The exchange rate between the Ghana cedi and US dollar remained stable with volatility reflecting seasonal import-driven demand. Increased public debt and shortfalls in domestic revenues pose challenges to further macroeconomic improvements. By September 2019, the debt-to-GDP ratio rose 3.2 percentage points year-on-year, mainly due to a $3 billion eurobond issue and to domestic borrowing, including a $2 billion financial sector bailout. Despite the low domestic resource mobilization and high cost of financial and energy sector reforms, the government remains committed to a deficit ceiling of no more than 5% of GDP, as required by the new Fiscal Responsibility Act.

Growth prospects remain positive, with increased output and stable global prices for Ghana’s main export commodities. Domestic initiatives aim to increase productivity and boost output in key primary sectors and value chains. The 10-Point Industrialization Agenda seeks to expand output through coordinated public and private investment. Programs targeting higher agricultural productivity include Planting for Food and Jobs, Rearing for Food and Jobs, and Planting for Export and Rural Development. The nascent manufacturing sector will broaden the basis for growth, focusing on agriculture-led industrialization.

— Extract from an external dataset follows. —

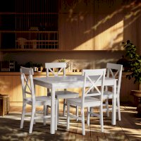 Стильный обеденный комплект Хадсон из Дельфийской коллекции идеально дополнит интерьер вашей кухни или столовой. Обеденная группа будет отлично смотреться в гостиной, кухни или столовой создавая в комнате атмосферу спокойствия и комфорта. Каркас стола классической прямоугольной формы и основание стульев выполнены из массива тополя - прочной и долговечной древесины. Столешница изготовлена из МДФ, она не требует специального ухода, не деформируется при изменении температуры и попадания влаги. Стол и стулья в белом цвете (white) будут стильно смотреться в вашем интерьере.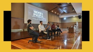 O documento discute habilidades fundamentais para o trabalho em equipe na criação publicitária, como administração de conflitos, comunicação, proatividade, inovação e confiança. A ideia é compartilhar experiências de profissionais criativos para inspirar outros.

Exports are largely unprocessed, and more than 18% of imports are food items – both opportunities for local value addition. Foreign direct investment (FDI) and portfolio investments provide low-cost capital for emerging value chains. As West Africa’s top FDI recipient, Ghana received more than a third of the region’s inflows in 2018, reflecting the country’s emerging skill base. The government’s new Business Regulatory Reform program is expected to improve the business environment and mobilize domestic revenue. Digital investments, especially in the financial sector, will increase efficiency.

With the African Continental Free Trade Agreement, Ghana’s industry will absorb increasing raw materials from the region, scale up manufacturing, and trade in processed and light manufactured products. Despite the Fiscal Responsibility Act, the run-up to elections might put pressures on the government to overspend and undertax which could derail progress toward fiscal consolidation. Mounting energy sector liabilities, due to excess installed capacity from take-or-pay contracts with independent power producers, and the ongoing financial sector clean-up are likely to lift the debt-to-GDP ratio above the current 60.6%. Increased foreign participation in Ghana’s debt exposes the country to global market swings and foreign exchange risks, with nonresident participation in domestic debt at more than one-third.